Now that we have our `Markov` iterator, we can try to predict what the weather will be like in seven days from now.

Given each city's current weather in the dictionary `city_weather` (see below), simulate what the weather will be like in 7 days from now.  Rather than just producing one prediction per city, simulate 100 such predictions per city and store the most commonly occuring prediction.

In your submission, print a dictionary `city_weather_predictions` that has each city as a key and the most commonly predicted weather as the corresponding value.

**Note**: Don't worry if your values don't seem to make intuitive sense.  We made up the weather probabilities.

In [4]:
def predict_weather_in_x_days (markov, x):
    """Returns expected weather in x days by iterating over markov object x
    times.
    """
    if x < 1:
        raise ValueError('x must be >= 1')
    day = 0
    for weather in markov:
        day += 1
        if day == x:
            return weather


def most_common (lst):
    """Returns most common item in list.
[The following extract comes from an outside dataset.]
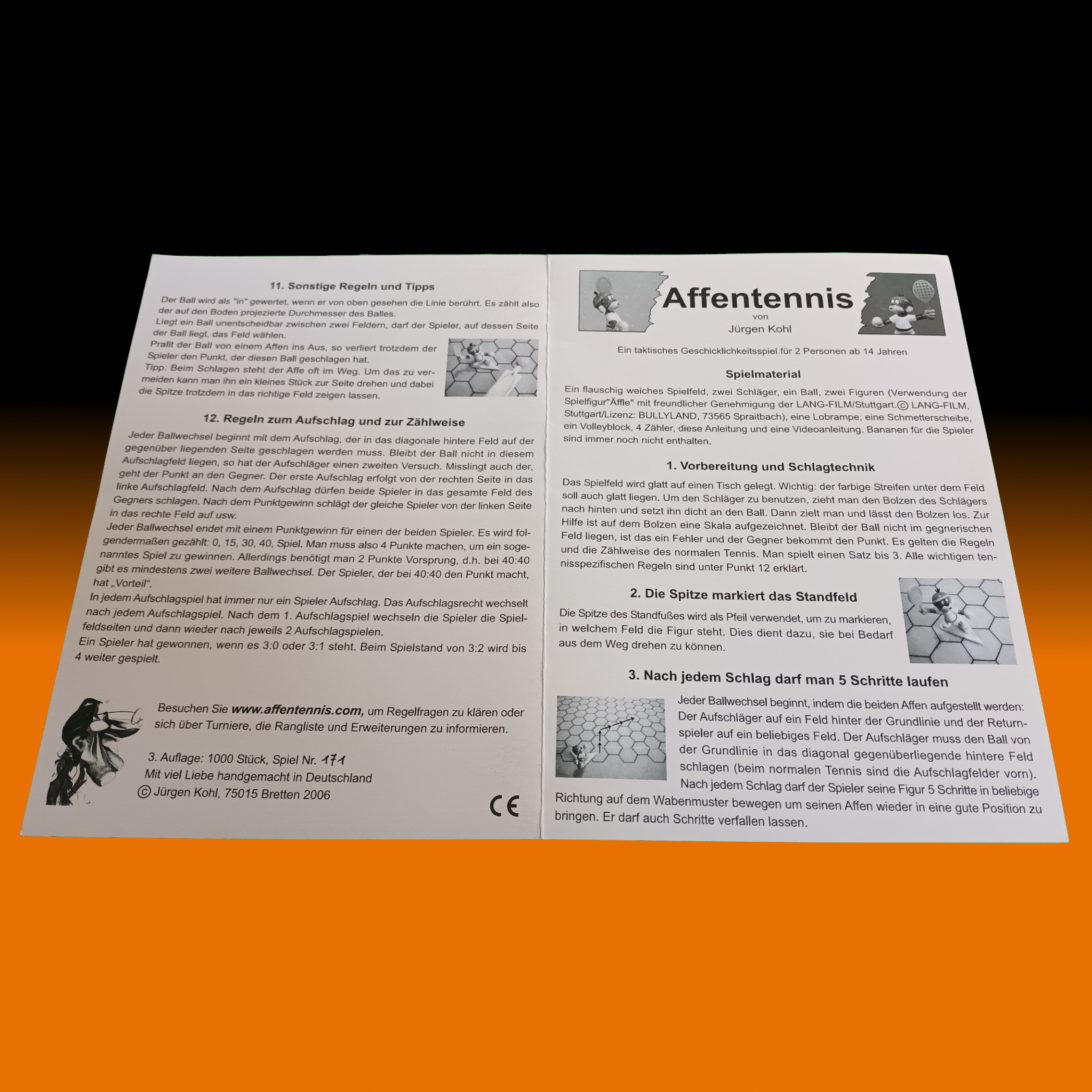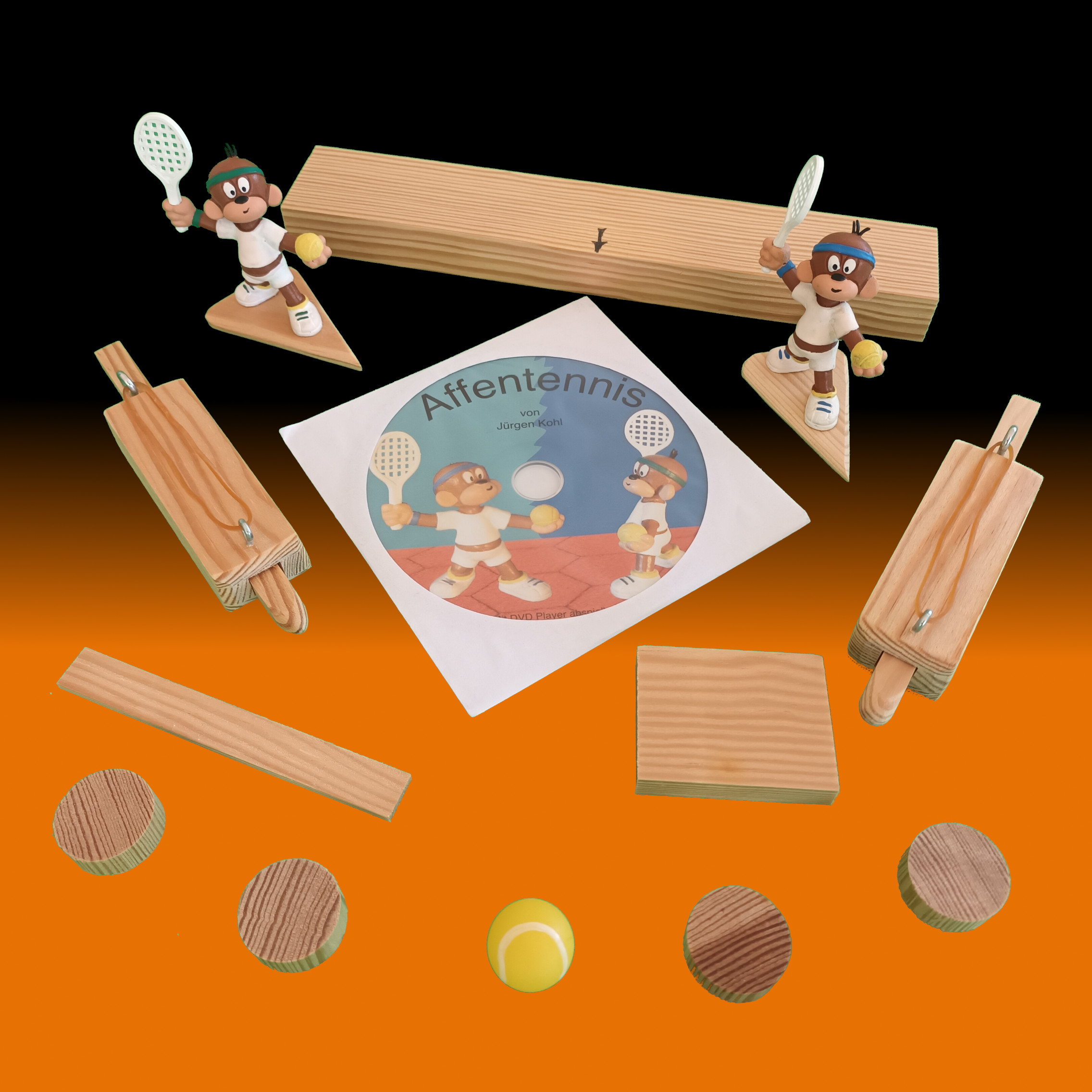Das Grundspiel Affentennis beinhaltet ein 120cm x 90cm großes Spielfeld, eine grüne und eine blaue Spielfigur sowie zwei Schläger und einen Ball. Zusätzlich gibt es einen Volleyblock, eine Lobrampe, einen Schmetterklotz und einen Ball. Um den Spielstand festzuhalten setzt man in der 3. Auflage vier Spielstandmarker auf die Anzeige auf dem Spielfeld. Auch hier ist eine Anleitung dabei und eine Anleitungs-CD mit Videoanleitung von mir. Das ganze ist in einem grünen Vliesbeutel verpackt.

From stackoverflow.com"""
    return max(set(lst), key=lst.count)


# Init Markov object.
markov = Markov()
data = np.genfromtxt(r'weather.csv', delimiter=',')
markov.load_data(data)

city_weather = {
    'New York':'rainy',
    'Chicago':'snowy',
    'Seattle':'rainy',
    'Boston':'hailing',
    'Miami':'windy',
    'Los Angeles':'cloudy',
    'San Fransisco':'windy'
    }

# Create dict to store simulation results.
city_weather_sim = {}
for city in city_weather:
    city_weather_sim[city] = []

# Run 100 simulations of forecasting weather in 7 days.
fcst_days = 7
for i in range(100):
    for city, init_weather in city_weather.items():
        markov.current_weather = init_weather
        prediction = predict_weather_in_x_days(markov, fcst_days)
        city_weather_sim[city].append(prediction)
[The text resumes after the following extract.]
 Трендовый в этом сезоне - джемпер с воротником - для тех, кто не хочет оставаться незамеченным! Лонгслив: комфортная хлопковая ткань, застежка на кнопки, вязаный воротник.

# Create dict to store most common forecast for each city.
city_weather_predictions = {}
for city, simulations in city_weather_sim.items():
    city_weather_predictions[city] = most_common(simulations)

print('Weather predictions:')
print(city_weather_predictions)

Weather predictions:
{'Seattle': 'cloudy', 'Boston': 'cloudy', 'Chicago': 'cloudy', 'Los Angeles': 'cloudy', 'San Fransisco': 'cloudy', 'Miami': 'cloudy', 'New York': 'cloudy'}